How to complete this task –
Copy all the data exactly, except the pictures.

= Beginning of Section =

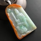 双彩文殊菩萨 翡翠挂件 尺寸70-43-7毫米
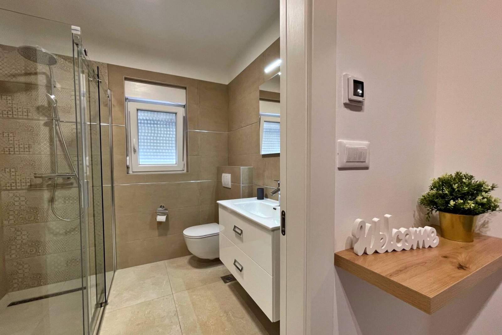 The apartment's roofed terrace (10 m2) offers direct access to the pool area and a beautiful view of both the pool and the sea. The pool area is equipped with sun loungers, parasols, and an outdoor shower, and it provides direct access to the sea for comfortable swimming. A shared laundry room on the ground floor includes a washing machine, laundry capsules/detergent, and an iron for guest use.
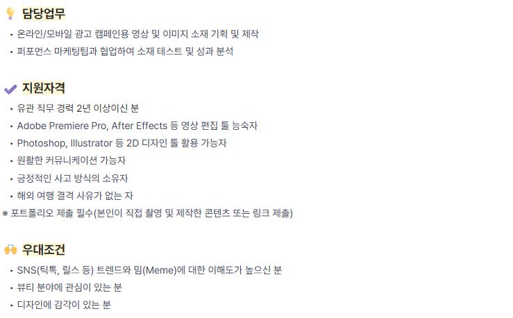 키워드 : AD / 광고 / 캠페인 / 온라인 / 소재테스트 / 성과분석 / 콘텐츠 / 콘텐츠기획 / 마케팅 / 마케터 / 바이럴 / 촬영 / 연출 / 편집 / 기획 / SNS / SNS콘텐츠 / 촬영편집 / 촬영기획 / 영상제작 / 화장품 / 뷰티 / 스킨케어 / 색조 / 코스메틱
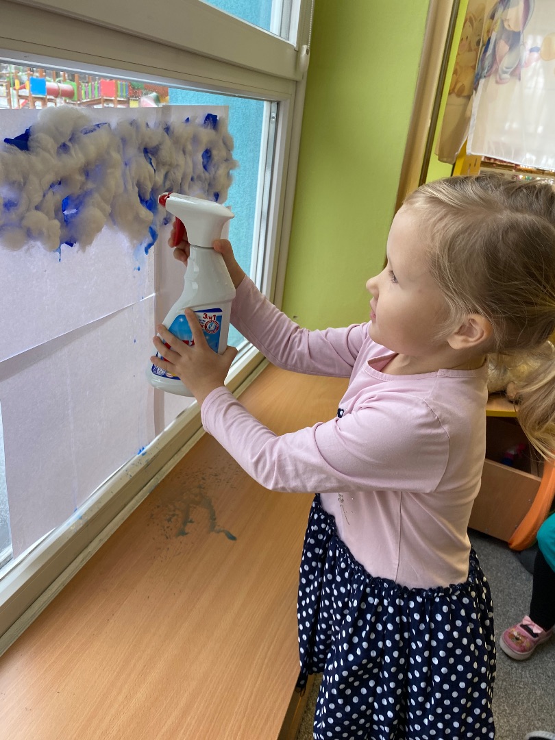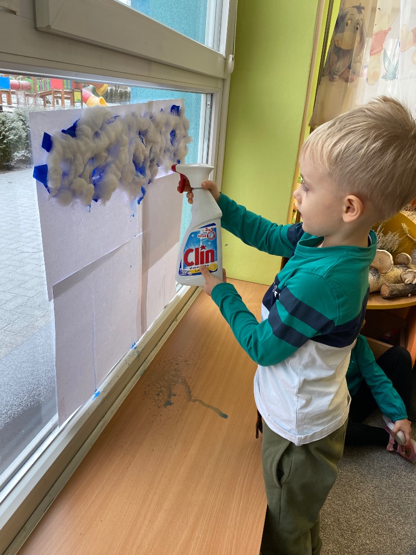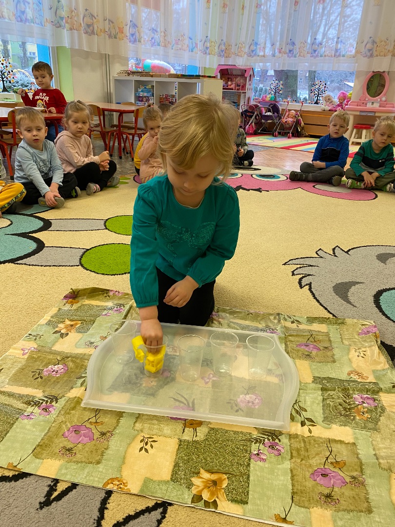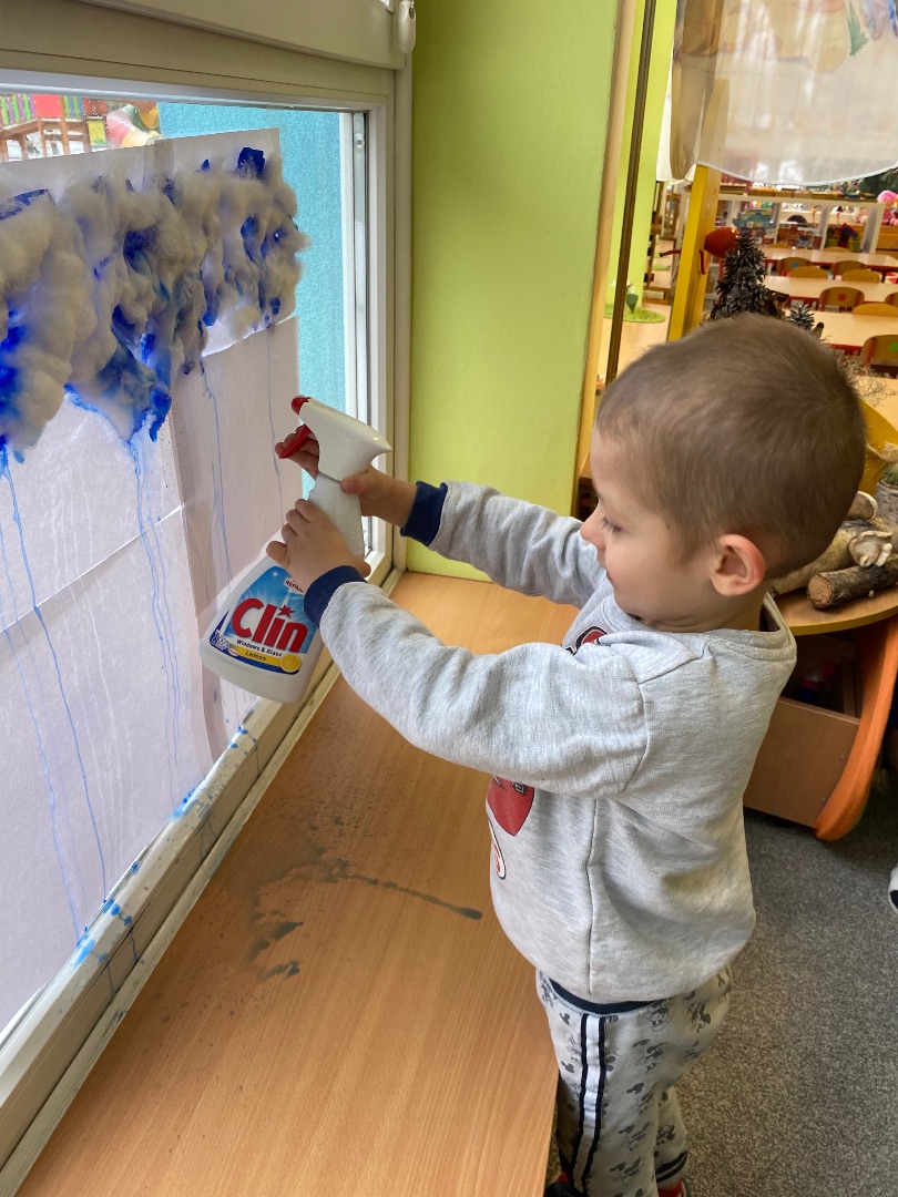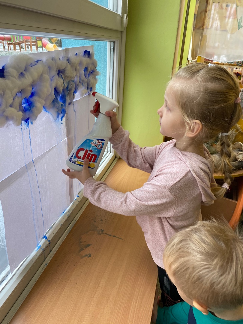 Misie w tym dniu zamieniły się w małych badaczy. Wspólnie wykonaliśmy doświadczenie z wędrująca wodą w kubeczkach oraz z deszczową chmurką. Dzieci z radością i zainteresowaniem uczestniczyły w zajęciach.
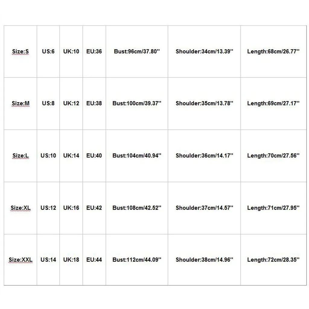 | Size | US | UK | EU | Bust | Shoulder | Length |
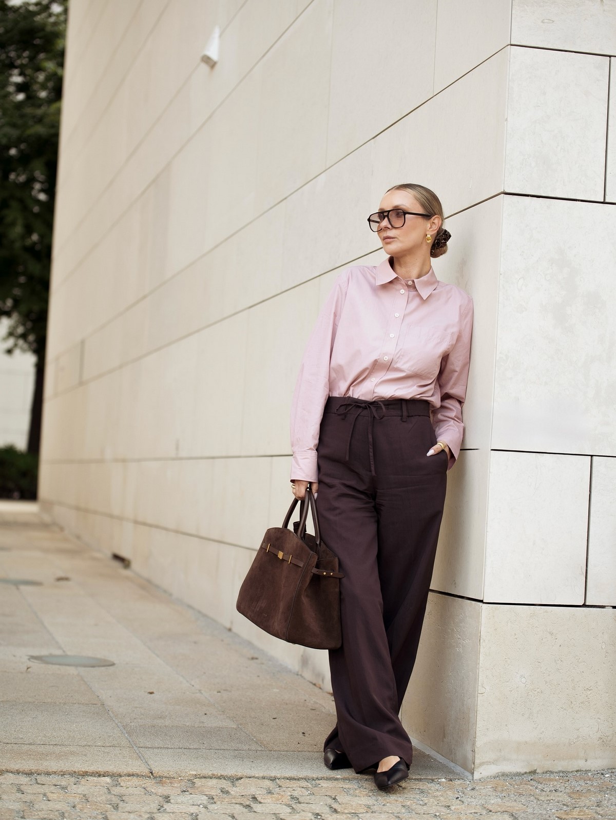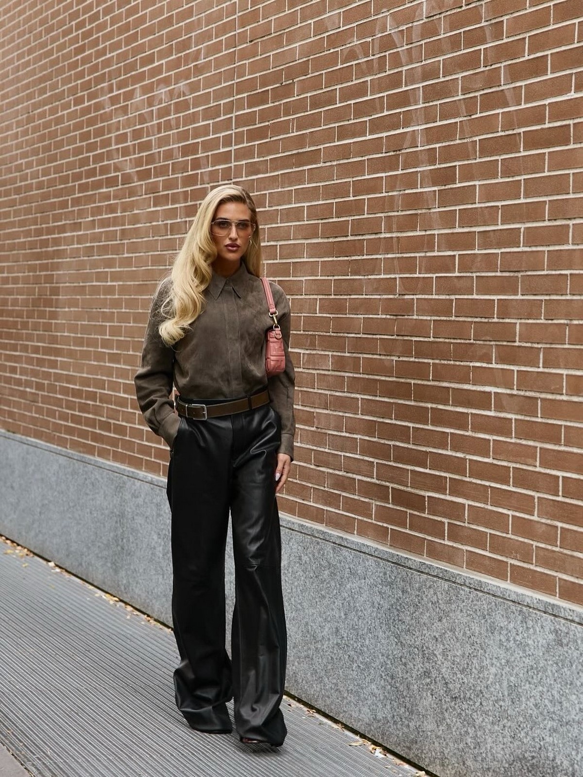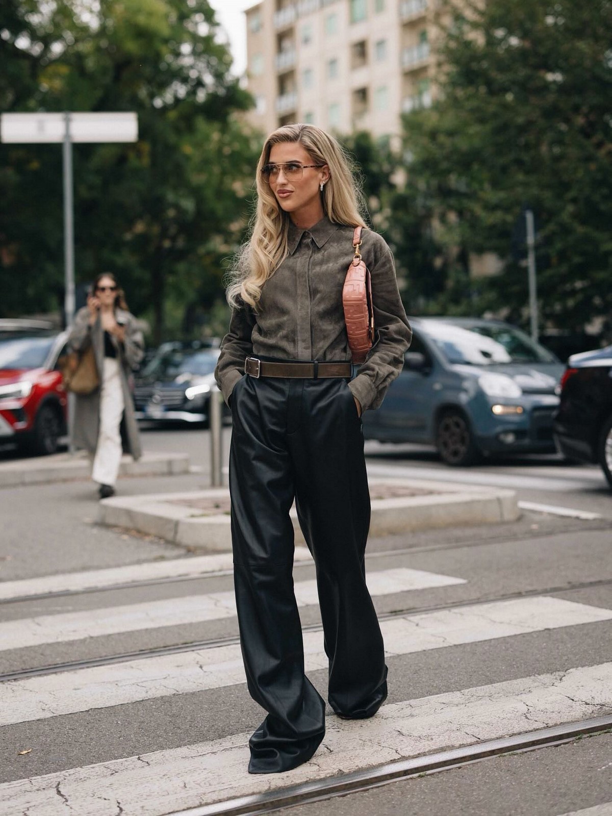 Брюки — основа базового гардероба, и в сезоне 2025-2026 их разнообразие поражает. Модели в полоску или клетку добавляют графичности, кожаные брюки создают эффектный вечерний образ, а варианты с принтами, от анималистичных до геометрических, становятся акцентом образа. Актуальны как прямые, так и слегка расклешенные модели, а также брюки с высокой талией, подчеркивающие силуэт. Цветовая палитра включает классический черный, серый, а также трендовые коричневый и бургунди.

= End of Section =

Solution to this exercise –
 双彩文殊菩萨 翡翠挂件 尺寸70-43-7毫米
 The apartment's roofed terrace (10 m2) offers direct access to the pool area and a beautiful view of both the pool and the sea. The pool area is equipped with sun loungers, parasols, and an outdoor shower, and it provides direct access to the sea for comfortable swimming. A shared laundry room on the ground floor includes a washing machine, laundry capsules/detergent, and an iron for guest use.
 키워드 : AD / 광고 / 캠페인 / 온라인 / 소재테스트 / 성과분석 / 콘텐츠 / 콘텐츠기획 / 마케팅 / 마케터 / 바이럴 / 촬영 / 연출 / 편집 / 기획 / SNS / SNS콘텐츠 / 촬영편집 / 촬영기획 / 영상제작 / 화장품 / 뷰티 / 스킨케어 / 색조 / 코스메틱
 Misie w tym dniu zamieniły się w małych badaczy. Wspólnie wykonaliśmy doświadczenie z wędrująca wodą w kubeczkach oraz z deszczową chmurką. Dzieci z radością i zainteresowaniem uczestniczyły w zajęciach.
 | Size | US | UK | EU | Bust | Shoulder | Length |
 Брюки — основа базового гардероба, и в сезоне 2025-2026 их разнообразие поражает. Модели в полоску или клетку добавляют графичности, кожаные брюки создают эффектный вечерний образ, а варианты с принтами, от анималистичных до геометрических, становятся акцентом образа. Актуальны как прямые, так и слегка расклешенные модели, а также брюки с высокой талией, подчеркивающие силуэт. Цветовая палитра включает классический черный, серый, а также трендовые коричневый и бургунди.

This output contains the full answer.